I've been using picard's MarkDuplicates tool for a while, but recently I encountered a problem. The program got stuck at some step. I used the option METRICS_FILE and seems the program is not able to produce the metrics file (or it'd take way way too long to produce it). The input bam file is sorted, but I didn't use the option ASSUME_SORTED or ASSUME_SORT_ORDER. The program produced the output bam file (in about 4 hours), which is about 60GB (somehow slightly bigger than the input bam file) and seems complete (as checked with samtools quickcheck), but it didn't produce the metrics file after over 24 hours or even longer (I can see java's still consuming CPUs). The following are the last two lines of the log output (with option -Xmx80g). I've tried different versions, 2.3, 2.5, 2.18 and with different memory allocations (as high as 200GB), but got the same result. Anyone have any ideas what's going on? Thanks for any help.

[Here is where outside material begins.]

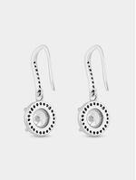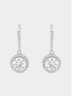 Expertly crafted in Sterling Silver, these radiant drop earrings feature round-cut Cubic Zirconia embraced by a halo of pavé set stones.

INFO 2018-03-23 22:21:29 MarkDuplicates Before output close freeMemory: 71000711328; totalMemory: 71578943488; maxMemory: 76355207168
INFO 2018-03-23 22:21:29 MarkDuplicates After output close freeMemory: 71000187040; totalMemory: 71578419200; maxMemory: 76355207168
It turned out that the picard program has a bug. See the bug report I just sent from the link below.
bug report
Since there is no solution for it yet I moved your post to a comment. Once the problem is resolved please come back to this thread and post the solution here.
Thanks for following up. The Broad Institute should respond to the bug report fairly quickly. Thanks, Kevin.

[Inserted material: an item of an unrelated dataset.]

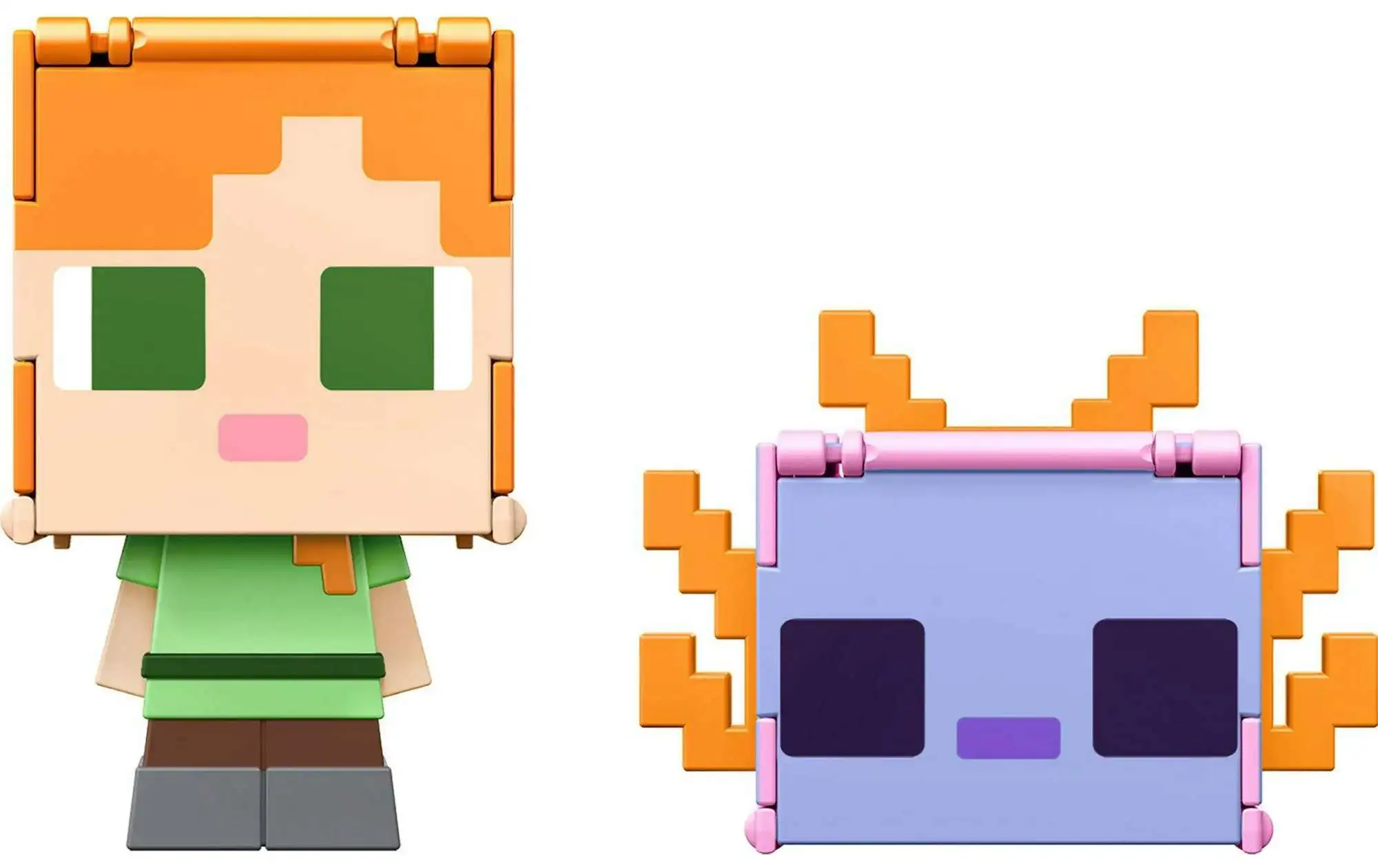 - Minecraft Flippin' Figs Alex and Axolotl figures can each easily transform back and forth into 2 different figures over and over again!

Does it work if you apply your suggested code?
Just a recommendation: if it's sorted, then let Picard know that.
Is the BAM output 'legit', i.e., does it have a EOF marker?
Does it even create the metrics file and start writing to it or does it just hang?
Your BAM files are large... what data is this?
Thanks for your reply. The data is WGS (so they are large) and the BAM files are complete as checked with samtools quickcheck. By debugging the source codes, I have located the source of the problem. It's a bug in the program and I've reported. You can see the bug report here.